### [Data below]

= = =

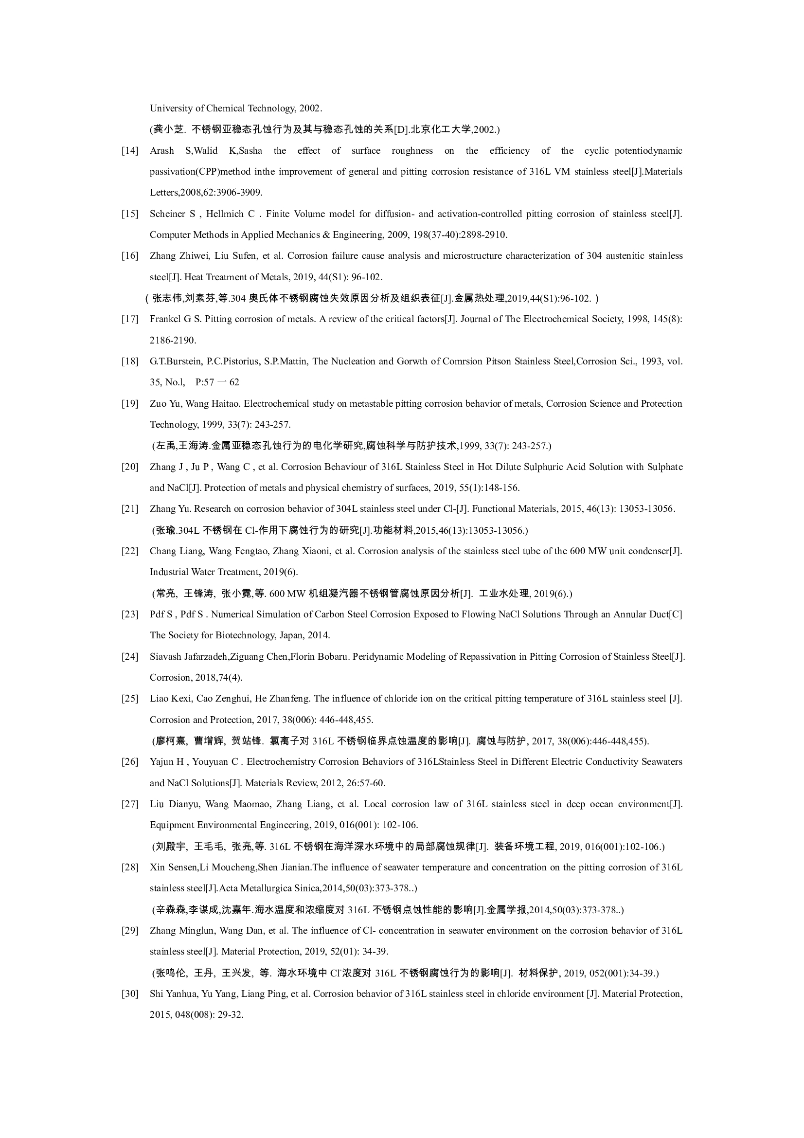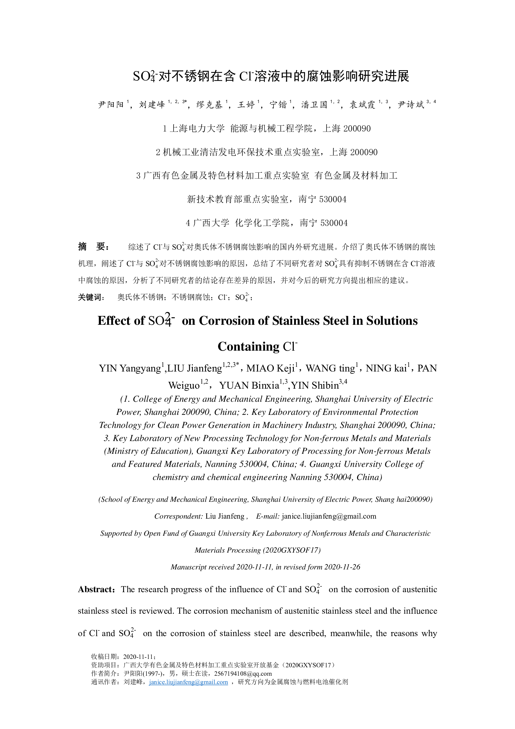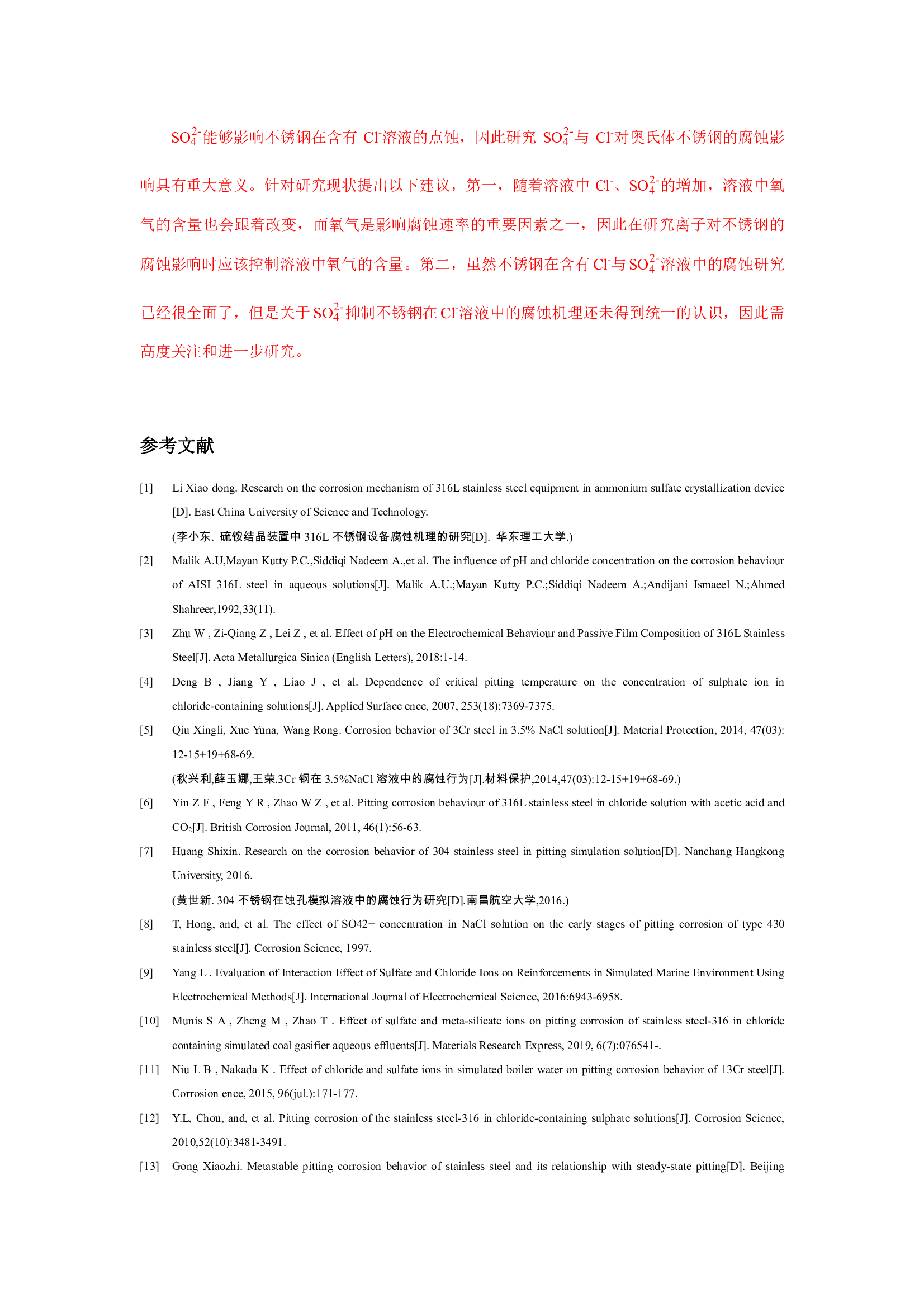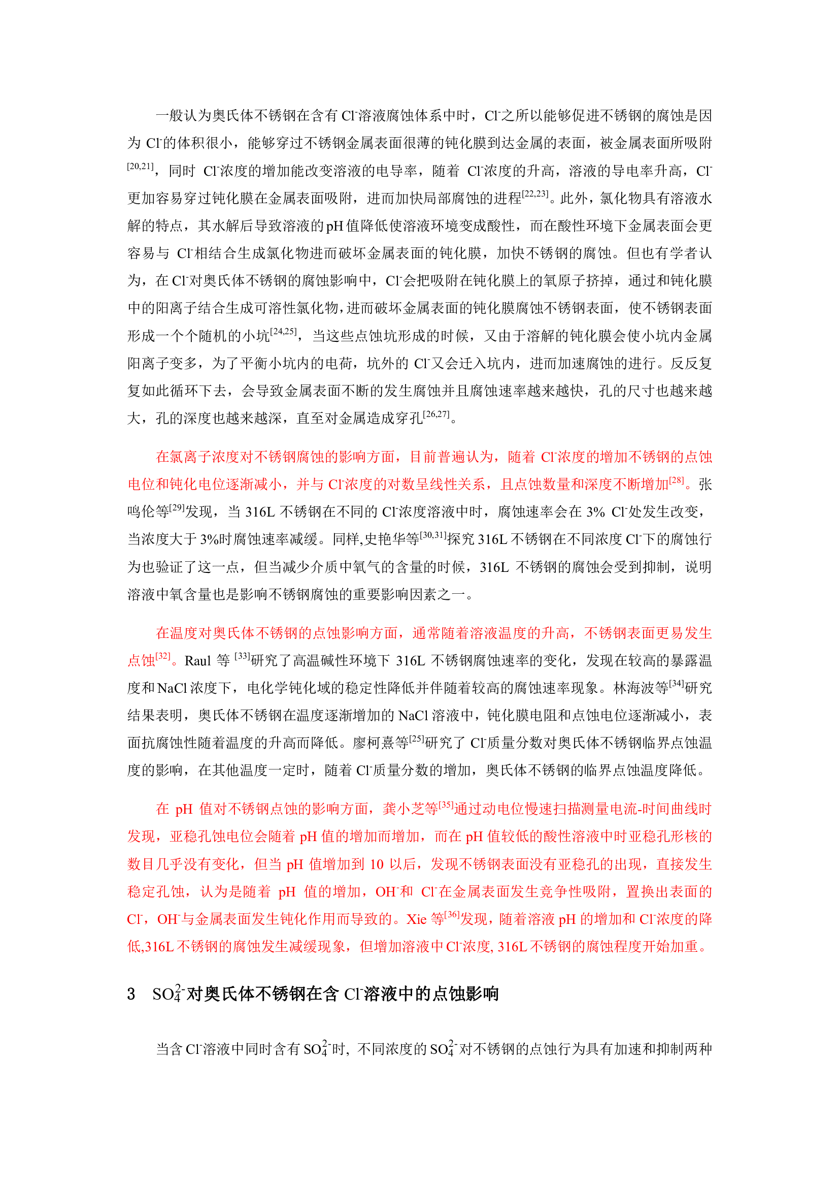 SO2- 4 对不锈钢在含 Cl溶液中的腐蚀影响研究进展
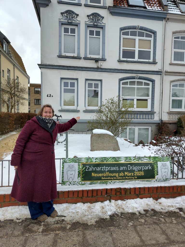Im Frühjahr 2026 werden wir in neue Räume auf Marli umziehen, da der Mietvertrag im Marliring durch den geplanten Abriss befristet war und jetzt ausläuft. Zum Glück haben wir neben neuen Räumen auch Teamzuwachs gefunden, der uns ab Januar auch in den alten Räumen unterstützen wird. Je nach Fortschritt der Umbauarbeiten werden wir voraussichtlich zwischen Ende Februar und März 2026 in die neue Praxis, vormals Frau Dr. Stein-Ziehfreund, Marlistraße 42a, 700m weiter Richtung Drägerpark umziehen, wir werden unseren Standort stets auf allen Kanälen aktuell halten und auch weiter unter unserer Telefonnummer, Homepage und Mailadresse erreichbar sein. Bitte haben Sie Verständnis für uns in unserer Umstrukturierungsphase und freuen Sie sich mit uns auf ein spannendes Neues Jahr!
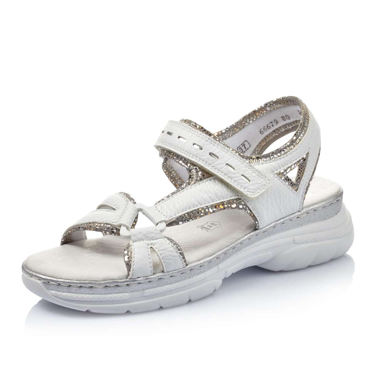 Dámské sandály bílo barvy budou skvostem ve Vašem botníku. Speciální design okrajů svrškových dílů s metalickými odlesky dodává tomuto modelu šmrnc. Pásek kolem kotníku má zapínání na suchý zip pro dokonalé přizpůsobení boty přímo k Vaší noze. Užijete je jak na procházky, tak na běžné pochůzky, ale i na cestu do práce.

= = =

### [How to complete this task]
Find the line with "Im Frühjahr 2026". Reproduce it and every line after it through the last line above exactly, leaving out the pictures.

### [Answer]
Im Frühjahr 2026 werden wir in neue Räume auf Marli umziehen, da der Mietvertrag im Marliring durch den geplanten Abriss befristet war und jetzt ausläuft. Zum Glück haben wir neben neuen Räumen auch Teamzuwachs gefunden, der uns ab Januar auch in den alten Räumen unterstützen wird. Je nach Fortschritt der Umbauarbeiten werden wir voraussichtlich zwischen Ende Februar und März 2026 in die neue Praxis, vormals Frau Dr. Stein-Ziehfreund, Marlistraße 42a, 700m weiter Richtung Drägerpark umziehen, wir werden unseren Standort stets auf allen Kanälen aktuell halten und auch weiter unter unserer Telefonnummer, Homepage und Mailadresse erreichbar sein. Bitte haben Sie Verständnis für uns in unserer Umstrukturierungsphase und freuen Sie sich mit uns auf ein spannendes Neues Jahr!
 Dámské sandály bílo barvy budou skvostem ve Vašem botníku. Speciální design okrajů svrškových dílů s metalickými odlesky dodává tomuto modelu šmrnc. Pásek kolem kotníku má zapínání na suchý zip pro dokonalé přizpůsobení boty přímo k Vaší noze. Užijete je jak na procházky, tak na běžné pochůzky, ale i na cestu do práce.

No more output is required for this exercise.